Write a python program to collect text data from **either of the following sources** and save the data into a **csv file:**

(1) Collect all the customer reviews of a product (you can choose any porduct) on amazon. [atleast 1000 reviews]

(2) Collect the top 1000 User Reviews of a movie recently in 2023 or 2024 (you can choose any movie) from IMDB. [If one movie doesn't have sufficient reviews, collect reviews of atleast 2 or 3 movies]

(3) Collect all the reviews of the top 1000 most popular software from G2 or Capterra.

(4) Collect the **abstracts** of the top 10000 research papers by using the query "machine learning", "data science", "artifical intelligence", or "information extraction" from Semantic Scholar.

(5) Collect all the information of the 904 narrators in the Densho Digital Repository.


In [1]:
# Import necessary libraries
# For making HTTP requests to IMDb
import requests
# For parsing HTML content
from bs4 import BeautifulSoup
# For data manipulation and saving to CSV
import pandas as pd

# Define a function to get reviews from IMDb
def get_reviews(movie_id, max_reviews):
    reviews = []
    current_page = 1 # Start from the first page of reviews
    
     # Continue fetching reviews until we reach the desired number
    while len(reviews) < max_reviews:
        # Construct the URL for fetching reviews, using the movie ID
        url = f"https://www.imdb.com/title/{movie_id}/reviews/?ref_=tt_ql_2"
        params = {
            'spoiler': 'hide',
            'sort': 'helpfulnessScore',
            'dir': 'desc',
            'ratingFilter': '0',
            'paginationKey': '',  
        }
        response = requests.get(url, params=params)
        soup = BeautifulSoup(response.content, 'html.parser')
        
         # Find all review blocks on the page
        review_blocks = soup.find_all('div', class_='lister-item-content')
        if not review_blocks:
            break  # Break if no more reviews are found or if blocked

        # Extract the title and review text from each block    
        for block in review_blocks:
            title = block.find('a', class_='title').text.strip()
            review_text = block.find('div', class_='text show-more__control').text.strip()
            reviews.append({'title': title, 'review': review_text})
            if len(reviews) >= max_reviews:
                break

        current_page += 1  

    return reviews[:max_reviews] # Return the collected reviews, up to the specified maximum number

def save_reviews_to_csv(reviews, filename):
    df = pd.DataFrame(reviews)
    df.to_csv(filename, index=False)

# Example movie ID for POOR THINGS movie 
movie_id = 'tt14230458'
max_reviews = 1000 # Set the desired number of reviews to fetch
# Call the get_reviews function with the movie ID and number of reviews
reviews = get_reviews(movie_id, max_reviews)
# Save the fetched reviews to a CSV file
save_reviews_to_csv(reviews, 'imdb_User_reviews.csv')



# Question 2 (30 points)

Write a python program to **clean the text data** you collected in the previous question and save the clean data in a new column in the csv file.

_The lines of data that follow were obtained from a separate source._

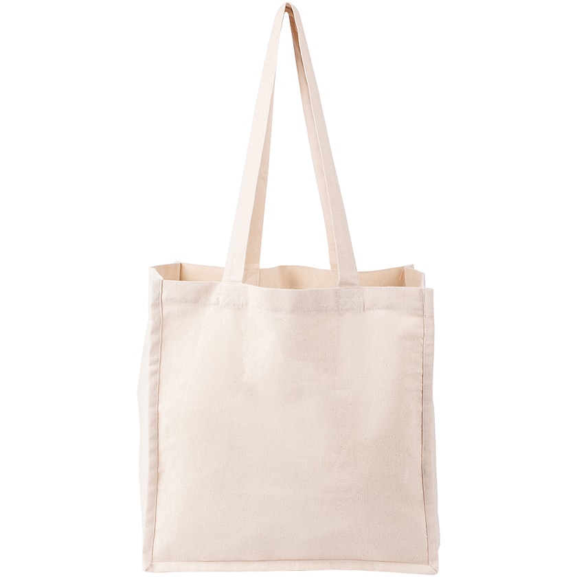 Borsa extra capiente realizzata in cotone resistente. La profondità della borsa misura ben 20,5 cm mentre la tela è in cotone resistente da 270 grammi.
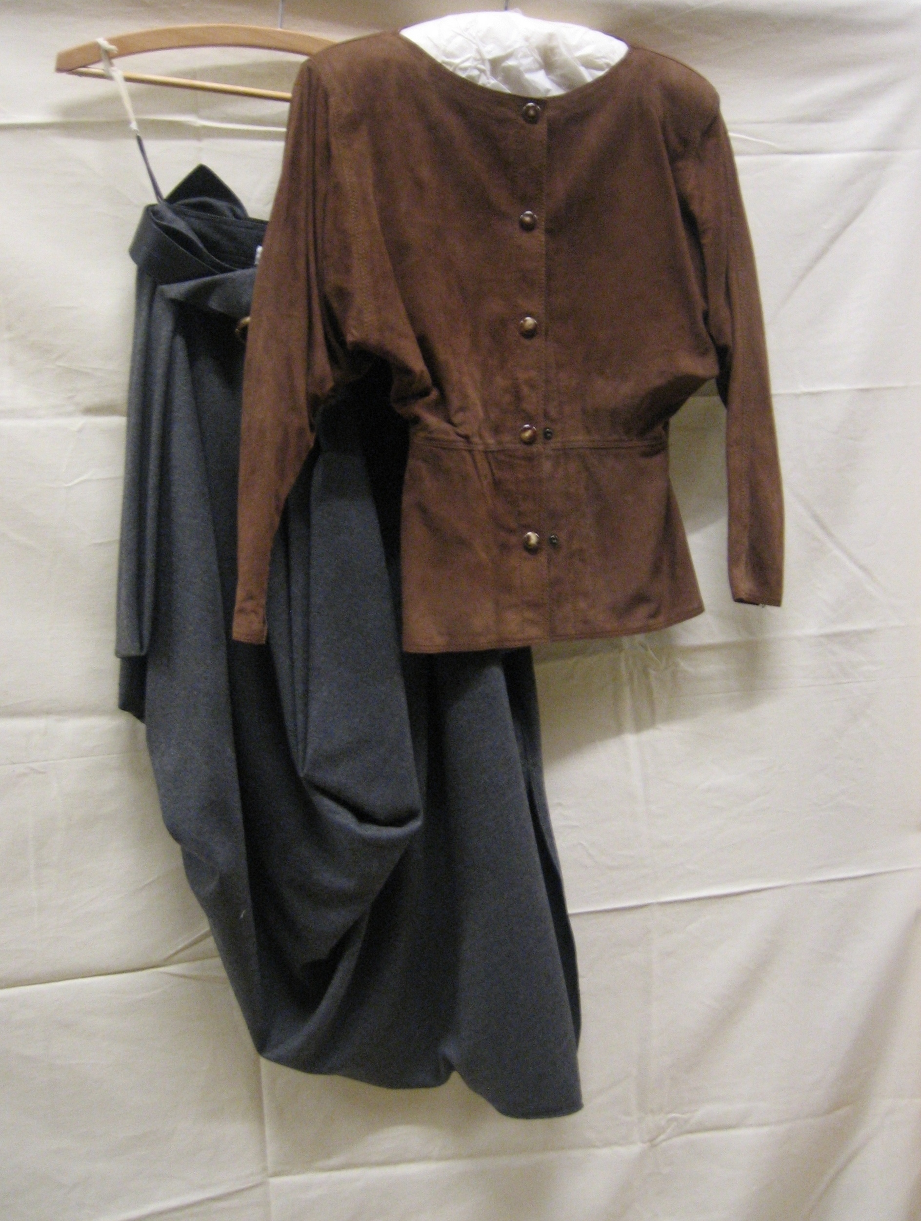 Ensemble bestaande uit een jasje van bruin suède en ...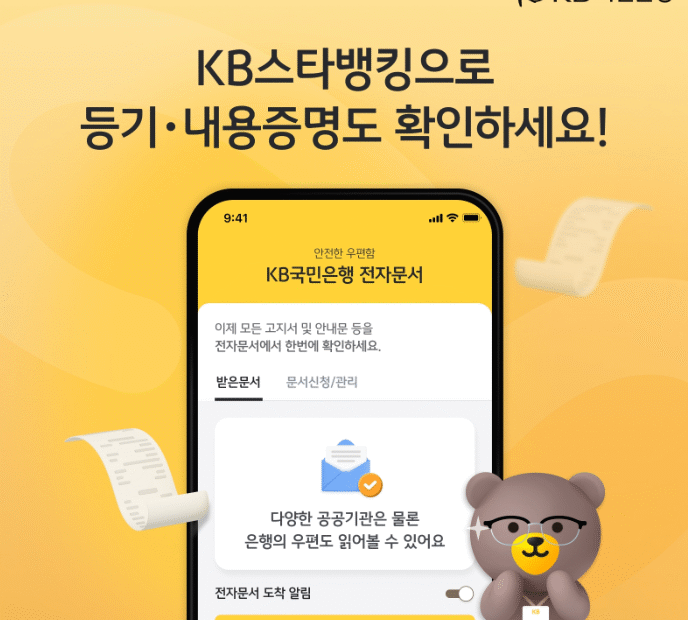 ❌놓치면 후회! 등기우편도 이제 KB스타뱅킹 앱에서 즉시 확인 [출처: 국민은행] KB스타뱅킹 전자문서 확인 가능 서비스가 도입되면서, 국민은행 고객들은 이제 더 이상 종이로 발송되는 등기우편이나 내용증명을 기다릴 필요가 없게 되었습니다.이 서비스는 과학기술정보통신부의 ICT 규제샌드박스를 통해 전자문서법상… 오늘부터 KB스타뱅킹 전자문서 확인 가능! 금융권 최초 혁신, 이제 등기우편도 앱에서 받는다

The data cleaning steps include: [Code and output is required for each part]

(1) Remove noise, such as special characters and punctuations.

(2) Remove numbers.

(3) Remove stopwords by using the stopwords list.

(4) Lowercase all texts

(5) Stemming.

(6) Lemmatization.

In [2]:
# Write code for each of the sub parts with proper comments.

import pandas as pd
import re
import nltk
from nltk.stem import PorterStemmer, WordNetLemmatizer
from nltk.corpus import stopwords

# Ensure that necessary NLTK resources are downloaded
nltk.download('stopwords')
nltk.download('punkt')
nltk.download('wordnet')

# Load the CSV file
df = pd.read_csv('imdb_User_reviews.csv')  # Update the file path

# If NLTK's stopwords can't be downloaded, define a list of stopwords manually
stop_words = set(stopwords.words('english'))

# Initialize Stemmer and Lemmatizer for text normalization
stemmer = PorterStemmer()
lemmatizer = WordNetLemmatizer()

def clean_text(text):
    # 1- Remove special characters and punctuations
    # This uses a regex to keep only word characters (letters and numbers) and whitespace, effectively removing punctuation.
    text = re.sub(r'[^\w\s]', '', text)
    
    # 2- Remove numbers
    # This uses a regex to remove digits from the text.
    text = re.sub(r'\d+', '', text)
    
    # 4- Lowercase all texts
    # This is important for consistency and to ensure that the same word in different cases is treated as the same word.
    text = text.lower()
    
    # 3- Remove stopwords
    # Stopwords are common words that are usually removed in the preprocessing phase because they contribute little to the overall meaning of the text.
    text = ' '.join([word for word in text.split() if word not in stop_words])
    
    # 5- Stemming
    # Stemming reduces words to their word stem or root form (e.g., "running" -> "run").
    text = ' '.join([stemmer.stem(word) for word in text.split()])
    
    # 6- Lemmatization
    # Lemmatization reduces words to their base or dictionary form (e.g., "better" -> "good").
    text = ' '.join([lemmatizer.lemmatize(word) for word in text.split()])
    
    return text

# Assuming the text data is in a column named 'text'
df['cleaned_review'] = df['review'].apply(clean_text)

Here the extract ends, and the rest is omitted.